Product CodeMNI · Orthopedic
Decision DateApr 4, 2012
DecisionSESE
Submission TypeSpecial
Regulation21 CFR 888.3070
Device ClassClass 2
AttributesTherapeutic

Intended Use

The Everest Spinal System if used in conjunction with the Range (Mesa and Denali) Spinal Systems are: Non-cervical, pedicle screw fixation devices for posterior stabilization as an adjunct to fusion for the following indications: Trauma ( i.e. fracture or dislocation ); spinal stenosis; curvatures (i.e. scoliosis, kyphosis; and/or lordosis); tumor; pseudoarthrosis; and failed previous fusion. It is also indicated for the treatment of severe spondylolisthesis ( grades 3 and 4 ) of the L5-S1 vertebra in skeletally mature patients receiving fusion by autogenous bone graft having implants attached to the lumbar and sacral spine ( L3 to sacrum) with removal of the implants after the attainment of a solid fusion. Non-cervical, non-pedicle spinal fixation devices intended for posterior or anterolateral thoracolumbar screw stabilization as an adjunct to fusion for the following indications: degenerative disc disease (DDD ) (defined as back pain of discogenic origin with degeneration of the disc confirmed by history and radiographic studies ); spondylolisthesis; trauma ( i.e. fracture or dislocation ); spinal stenosis; curvatures ( i.e. scoliosis, kyphosis; and/or lordosis); tumor; pseudoarthrosis; and failed previous fusion.

Device Story

Everest Spinal System is a top-loading, posterior thoracic-lumbar spinal fixation system; components include pedicle screws, rods, locking set screws, and hooks.

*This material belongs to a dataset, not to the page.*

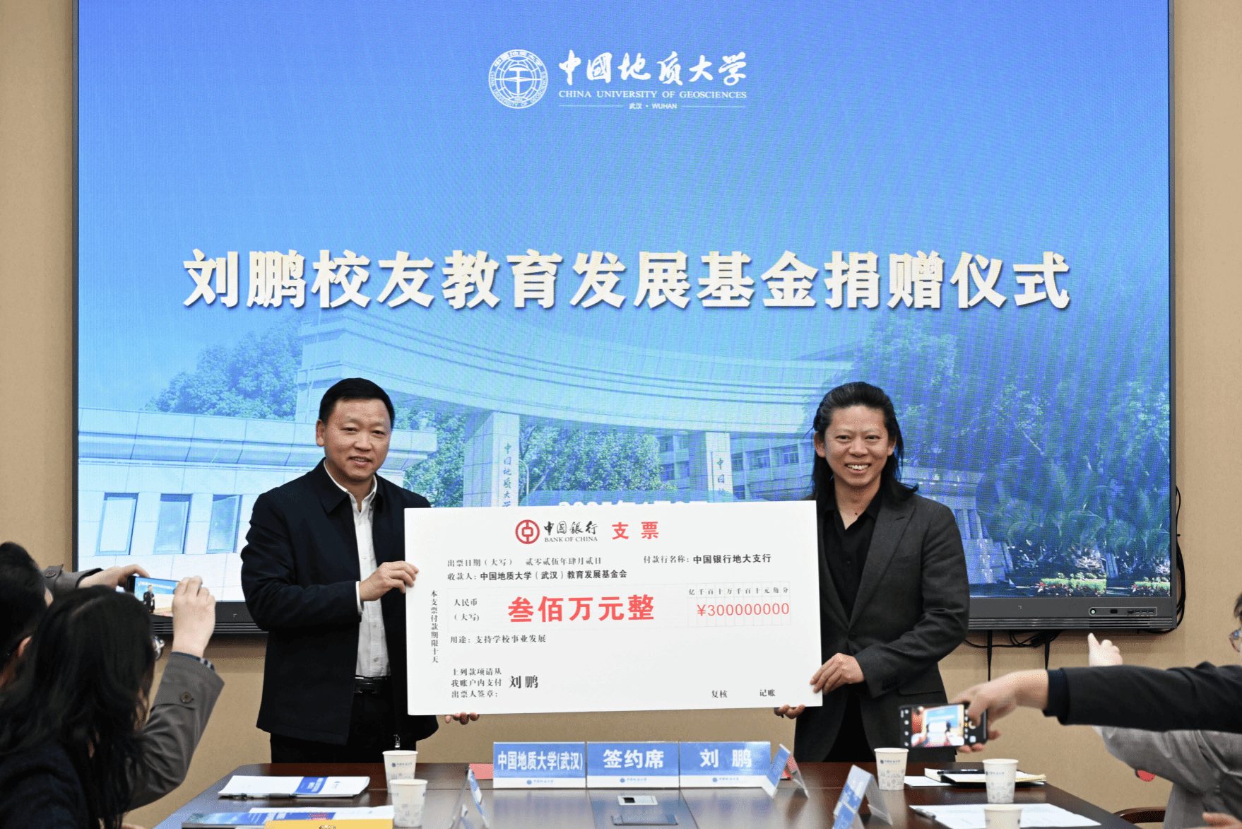 地大新闻网讯 (通讯员 余尚蔚 戴薇 摄影 戴薇 汪颜)4月2日,高飞集团董事长、米兰外国语学院英语专业1991届校友刘鹏,向母校捐赠300万元教育发展基金支持学校人才培养。这是刘鹏继2016年捐赠100万“贝乐奖教学金”之后的再次捐赠。

Device functions as an adjunct to spinal fusion to provide immobilization. Used by surgeons in clinical settings. System expansion adds screw sizes and connectors for compatibility with Range Spinal System components. Provides mechanical stabilization to the spine to facilitate fusion; implants are intended for removal after solid fusion is achieved in specific spondylolisthesis cases.

Clinical Evidence

Bench testing only. Mechanical testing performed in accordance with ASTM F1717, including static compression, static torsion, and dynamic compression, to compare modified Everest Spinal System constructs against predicate devices.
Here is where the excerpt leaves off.